# catharsis



## wokofshame (Dec 9, 2008)

yeah damn just needed to vent.
I've living up here in NH for a couple months working here and Boston and living out in the woods in a log cabin, been trying to hold out until new year's so i can shoot fireworks with the dozens of old friends i know will show up. anyway, things are just going wrong by the dozen, my friend's truck that's our transportation to work had broken down, i lost a knife and a wallet with 400 bucks, ID and a foodstamp card i need to go to portland to replace, the same friend's alcoholism has gotten worse and we drive home every morning with him seriously drunk (drink and smoke at work all nite) and getting abusive, other places to stay have dried up, subzero whether has set in, etc
I'm almost about to drop it all and get on a train again.
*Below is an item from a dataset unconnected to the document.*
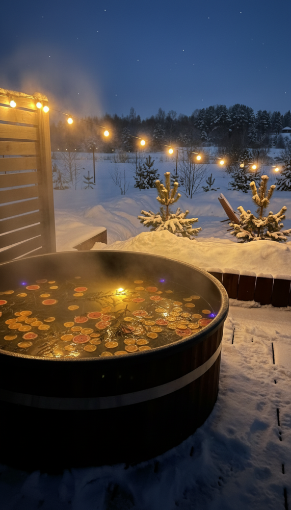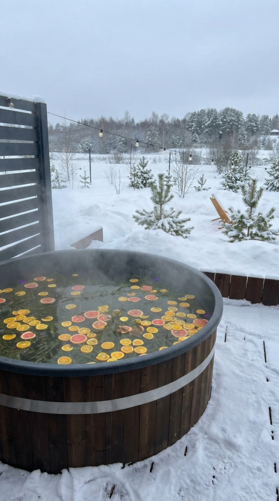 Горячие приватные купели Фурако с подсветкой, стоимость 5000 рублей (без наполнения), обеспечивают контраст температур, который улучшает кровообращение и укрепляет иммунитет; горячая вода снимает мышечное напряжение, помогает справиться со стрессом, улучшает сон и настроение. Купель растапливается до 39-43 градусов, время использования — 3-4 часа (до остывания); дополнительно можно заказать наполнение из прайс-листа.

Off a train for a few months it starts to seriously bother me and i have intense yearning, both awake and asleep, to be back in the throat of the yard hearing that diesel chug and watching the headlight gleam spread it's illumination on the rails, running, watching cars, catching on and hiding and rolling, rolling into a tow.n the next day and saying "Fuck You, I made it" to those demons that haunt you.
It's just that i know both impulses are right and that terrible hunger just consumes you until you give in and any amount of time is too much.


----------



## dirtyfacedan (Dec 9, 2008)

Hang tough MURT. I know your tough as nails, and it takes a lot to get you down, so it must be some kinda shit your in. Being holed up for the winter is tough on any and all of us.


----------